Would this just be to help with the rebuild time? Raid10 in ZFS is an interesting idea, which would also require two mirrors and striping.

[–] MangoPenguin@piefed.social 1 points 1 month ago

Yes mirrors are the fastest to rebuild I believe, it's also to give you a backup, as any kind of raid or mirror is not a functional backup, it only provides redundancy.

I would not do raid 10 for the same reason of no backup that way.

[–] exu@feditown.com 3 points 1 month ago (2 children)

Maybe you could switch to a raid10 (mirrored striped vdevs) for faster rebuild time.

BTRFS is relatively similar to ZFS when it comes to their raid implementation, though using raid5 or raid6 comes with some caveats.

[–] felbane@lemmy.world 6 points 1 month ago* (last edited 1 month ago)

I would absolutely not trust BTRFS's implementation. Maybe things are better now but it earned the backronym Bro The RAID Fuckin Sucks for a reason.

[–] CorrectAlias@piefed.blahaj.zone 0 points 1 month ago (1 children)
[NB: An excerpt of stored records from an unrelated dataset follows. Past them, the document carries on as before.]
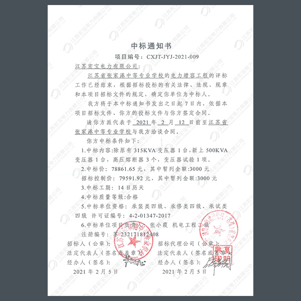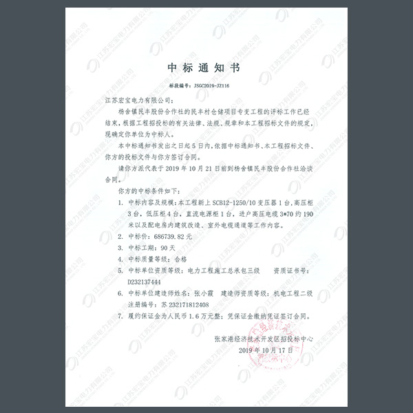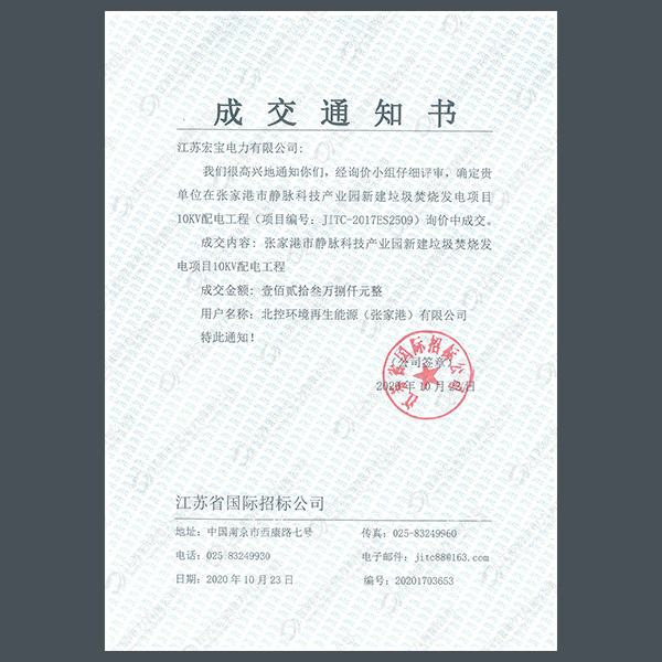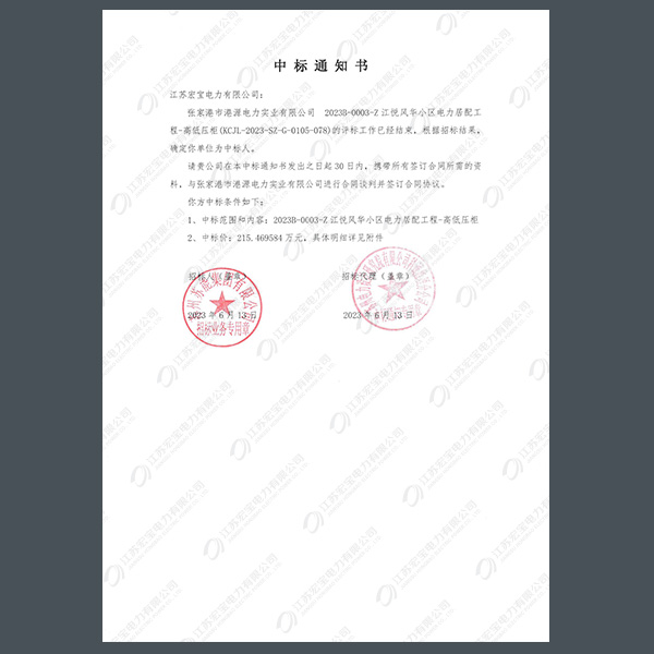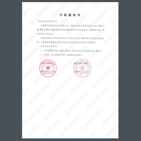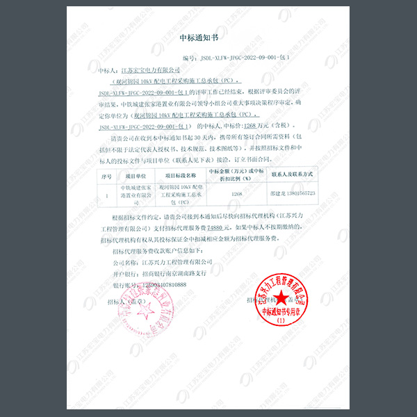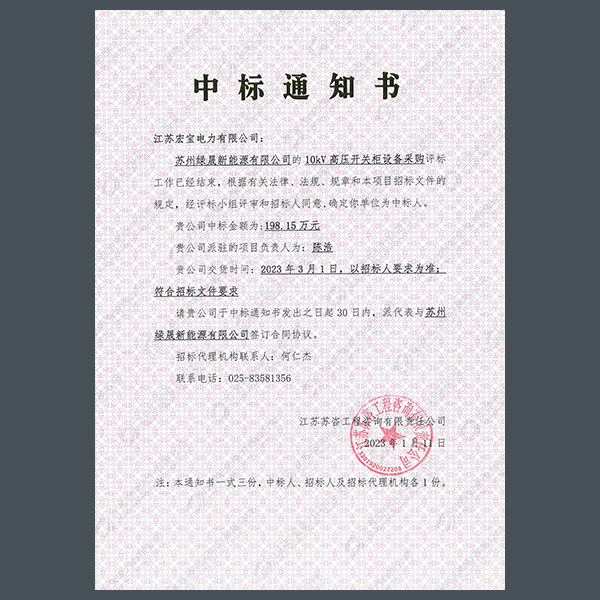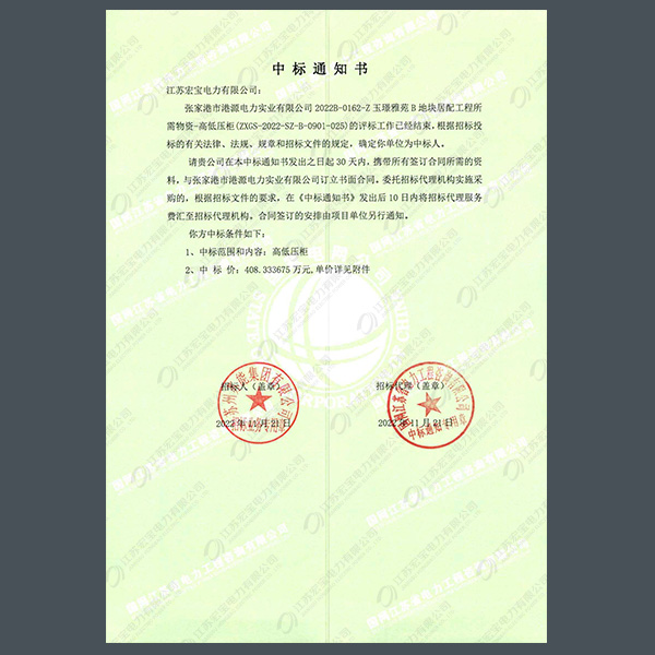 高壓柜中標通知書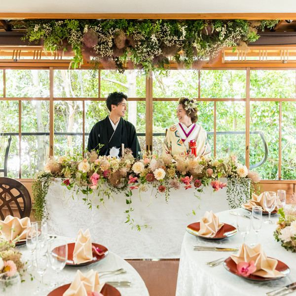 北野天満神社での神前式とハンター迎賓館での披露宴がセットになったプランです。和装で厳かな挙式、伝統美を感じる一日を。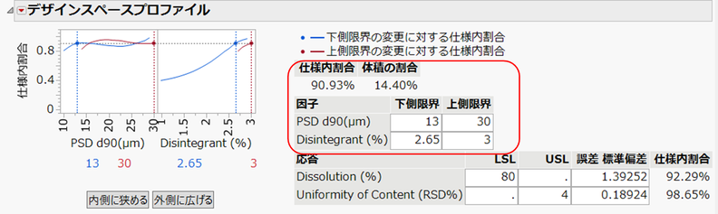 体積の割合:最初の因子の領域(この例では「PSD d90」が10~30, 「Disintegrant」が1~3 )を100%としたとき、現在の因子限界設定による領域の相対的割合(「PSD d90」を13~30, 「Disintegrant」を2.65~3 に狭めると、最初の因子領域に対し約14.4%の領域に狭まる)

Raid 10 is and interesting idea for sure. It would certainly help with write speeds, although if I want to utilize the "self-healing" of ZFS, I'd need to do two (separately striped) vdevs that mirror each other to get the equivalent to RAID10, right?

[–] exu@feditown.com 2 points 1 month ago

You'd create two mirror vdevs in the same zpool to get the raid 10 equivalent

[–] wr2623@midwest.social 2 points 1 month ago

Btrfs raid5/6 support is unstable/experimental and cause some serious issues in the past, so it isn't really recommended.

Since you only have 4 drives you could do a pair of mirrors with btrfs, but you aren't guaranteed to be able to handle two drives failing (depends on which two drives fail). So zfs with raidz2 is the best protection you can get, and it matches the capacity you would get from mirrors.

Rebuild time isn't great, but you would need a second drive to fail plus at least a read failure on another drive before you have issues.

A bigger question would be how soon would you have a replacement? If you already have a spare on hand I wouldn't worry about rebuild time at all, but if you are expecting to wait potentially weeks for a warranty replacement your chances of the second failure go up.

Even if you had a second failure and additional read failure is unlikely (how often do you see read failures when you run a scrub). Combine that with your backups.... You should have very little to worry about.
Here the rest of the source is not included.